> [Task statement]
In the records below, begin at the line containing "Celebrate the intriguing" and end at the line containing "Puzzle de 40"; quote every line in that span exactly, including both boundary lines, and no others.

> [Records]
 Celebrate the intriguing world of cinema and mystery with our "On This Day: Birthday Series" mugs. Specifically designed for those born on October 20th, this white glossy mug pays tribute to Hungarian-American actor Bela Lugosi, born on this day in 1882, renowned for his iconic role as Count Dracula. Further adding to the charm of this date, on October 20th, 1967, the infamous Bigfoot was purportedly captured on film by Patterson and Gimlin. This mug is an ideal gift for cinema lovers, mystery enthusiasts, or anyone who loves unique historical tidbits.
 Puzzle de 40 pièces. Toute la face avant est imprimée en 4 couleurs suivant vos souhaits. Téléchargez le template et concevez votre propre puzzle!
...
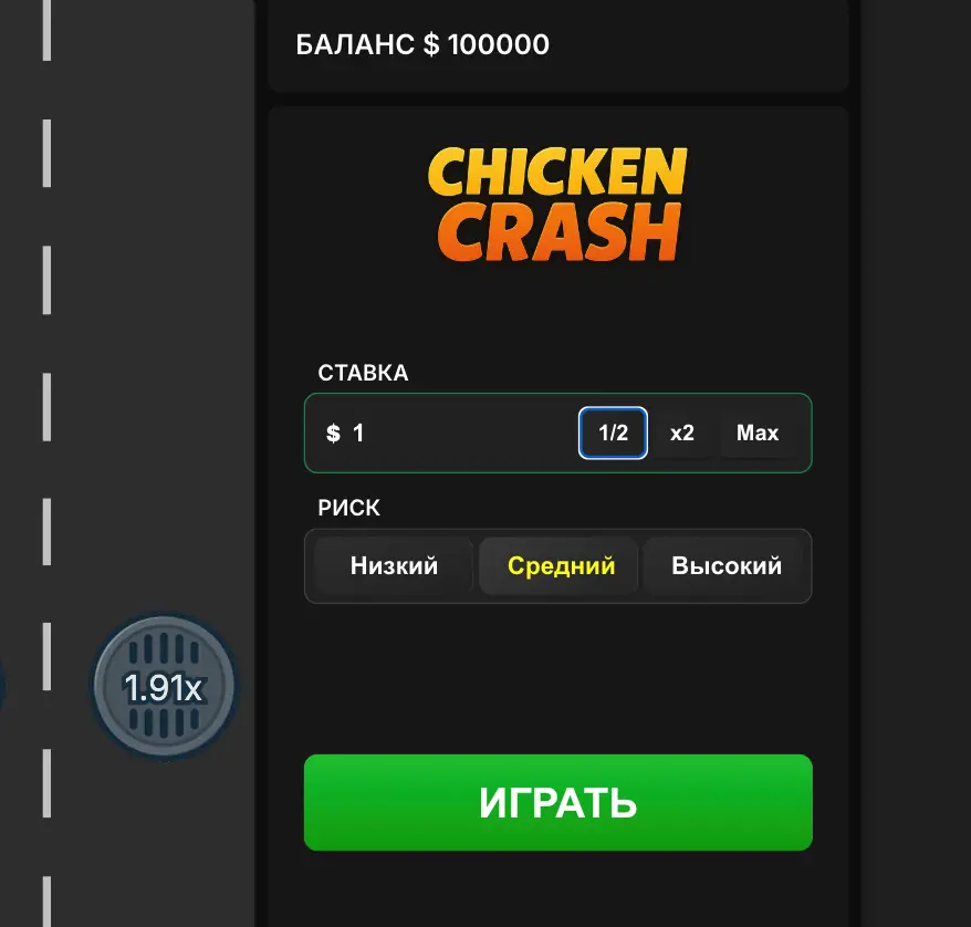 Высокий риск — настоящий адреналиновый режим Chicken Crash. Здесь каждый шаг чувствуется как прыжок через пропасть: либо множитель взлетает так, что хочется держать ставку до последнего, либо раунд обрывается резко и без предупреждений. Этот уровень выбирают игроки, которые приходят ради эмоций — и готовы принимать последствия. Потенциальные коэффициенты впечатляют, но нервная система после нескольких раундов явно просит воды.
---
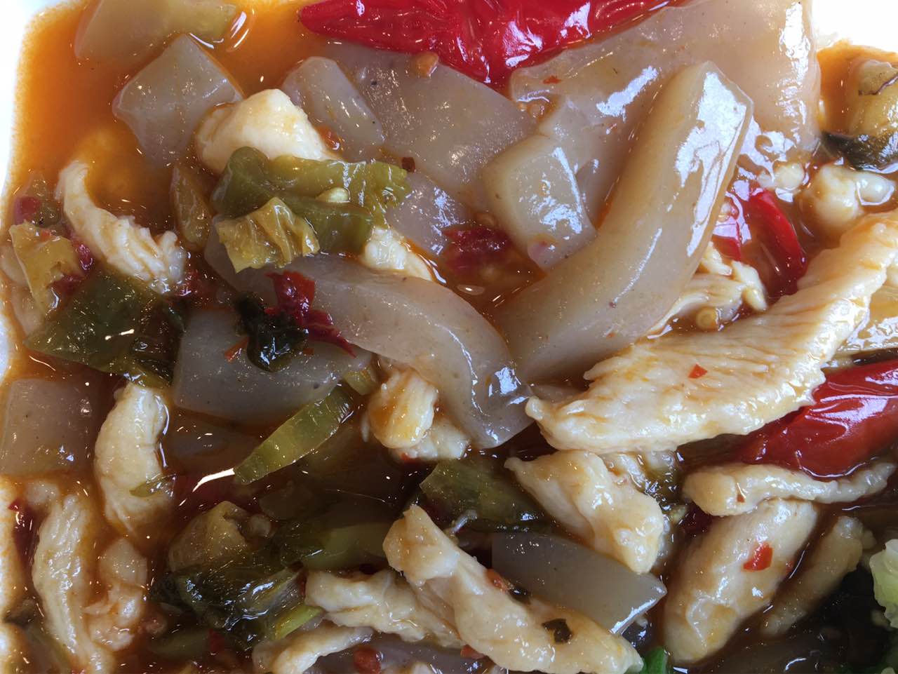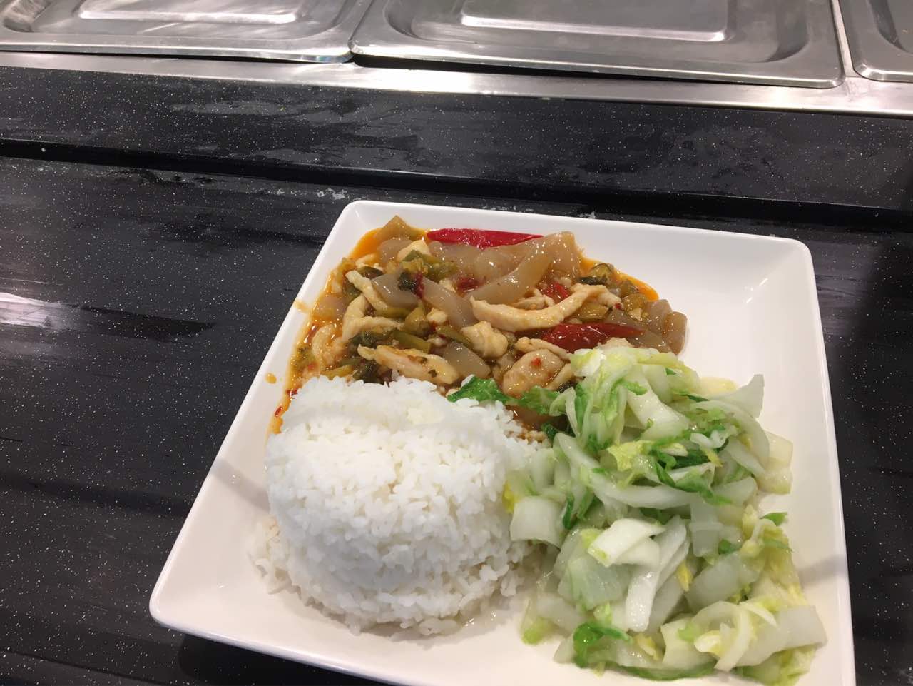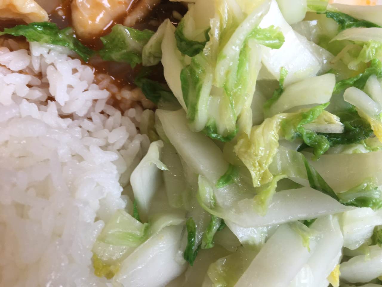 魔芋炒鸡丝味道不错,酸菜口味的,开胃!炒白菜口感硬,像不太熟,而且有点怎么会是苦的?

> [Solved problem]
 Celebrate the intriguing world of cinema and mystery with our "On This Day: Birthday Series" mugs. Specifically designed for those born on October 20th, this white glossy mug pays tribute to Hungarian-American actor Bela Lugosi, born on this day in 1882, renowned for his iconic role as Count Dracula. Further adding to the charm of this date, on October 20th, 1967, the infamous Bigfoot was purportedly captured on film by Patterson and Gimlin. This mug is an ideal gift for cinema lovers, mystery enthusiasts, or anyone who loves unique historical tidbits.
 Puzzle de 40 pièces. Toute la face avant est imprimée en 4 couleurs suivant vos souhaits. Téléchargez le template et concevez votre propre puzzle!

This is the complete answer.